これは、ライカがわりと本気で怒っている時の口調だ。
「私たちは勅書の指示に従い、何日もかけて大森林から王都までやって来ました。それなのに本物かどうかを見極めるとは、どういうことなのですか?」
「いえ、それはそのとおりなのですが……」
「そもそも、一方的に勇者だと認めてきたのはそちらの方です。であれば、勅書を持参した時点で、覇王丸さんが本物か偽者かを見極める必要はまったく無いはずです」
ライカの剣幕に、兵士はしどろもどろになっている。
『相変わらず、怒った時のライカちゃんは、怖いもの無しですね』
(まあ、魔王軍の司令官に逆上して襲いかかるくらいだし)
それにくらべたら、比較的温厚で話の通じる兵士など恐れるに足りないだろう。
「でもまあ、それくらいにしておこうな」
「ひゃぁ!?」
俺はライカの背後に忍び寄ると、素早くお腹に手を回して、ひょいと小脇に抱えた。
「お、下ろしてください!」
「そんなに暴れると、スカートが捲れるぞ。見られてもいいのか」
「っ!」
俺はスカートの中にしまった尻尾のことを言ったのだが、ライカは別の意味で受け取ったらしい。

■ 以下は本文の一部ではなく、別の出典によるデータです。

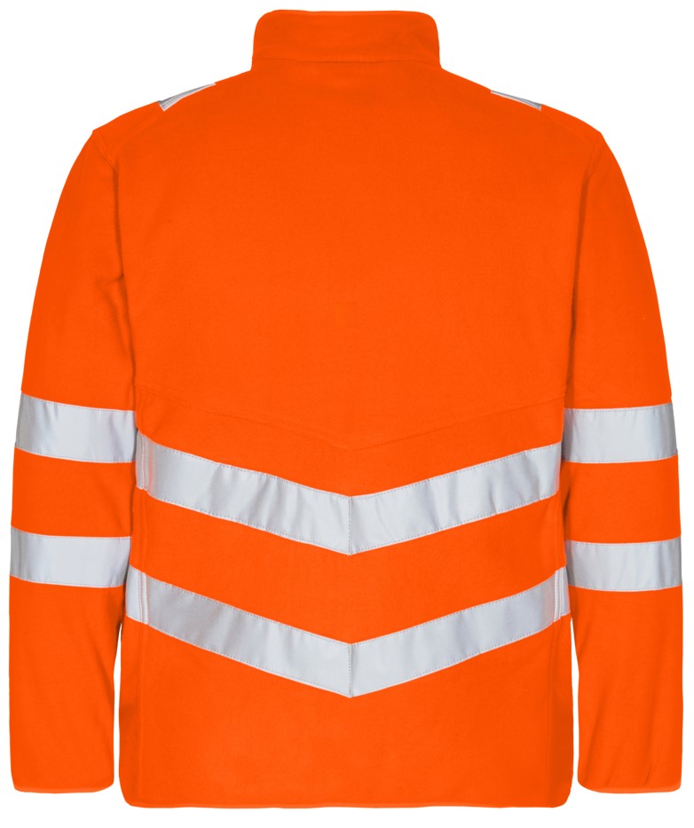 Functional, fluorescent fleece jacket in a modern, attractive design with stretch lining. The jacket is lined with fleece at the collar, making it soft and comfortable against the skin. Reflective zipper at the front. The jacket can be combined with the 1146-930 models, which have a zipper for zipping in. Two spacious side pockets and a chest pocket, each with a zipper. Two large inside pockets with Velcro fasteners. The jacket has an elastic waistband at the bottom. Sleeves with elasticated wind cuffs with thumb opening. Sleeves with elasticated wind cuffs with thumb opening. Additional storm flap made of elastic material in the sleeves. The storm flap with thumb opening can be pulled over the hand to protect against the cold. Reflective stripes across the shoulders and around the sleeves and waist. Clothing class 2, tested after 25 washes.
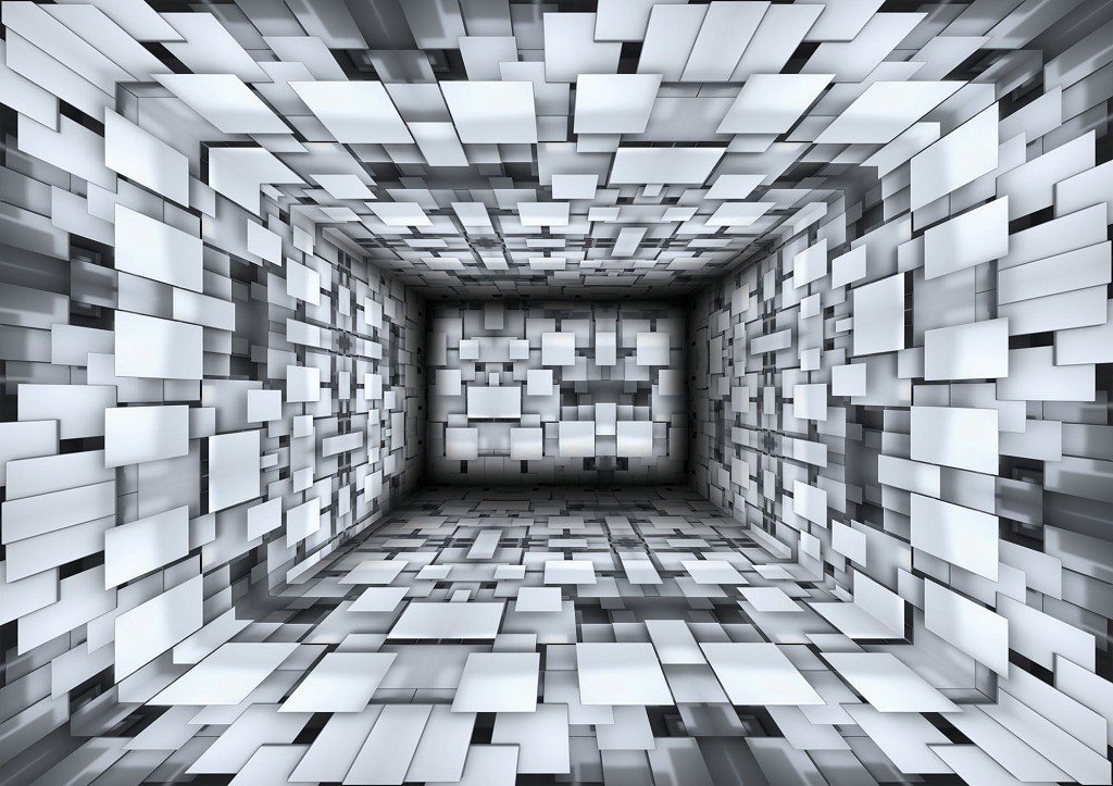 Відгуки Флізелінові фото шпалери 3д 254x184 см Сірий тунель із квадратів (2908V4)+клей
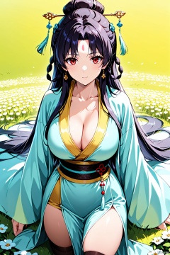 wide sleeves, parted bangs, sash, facial mark, chinese clothes,  hanfu,Thigh exposed,thighhighs,looking at viewer,flower field,

ばたばたと暴れさせていた脚を、急に動かすのを止めた。
(見られたところで、かぼちゃパンツのくせに……)
『おやおや。どうやら、覇王丸さんはドロワーズの良さを理解していないみたいですね』
頭の中で変態ソムリエが朗々とドロワーズの良さを語りはじめたので、俺はそれを無視してライカを馬車の近くに降ろした。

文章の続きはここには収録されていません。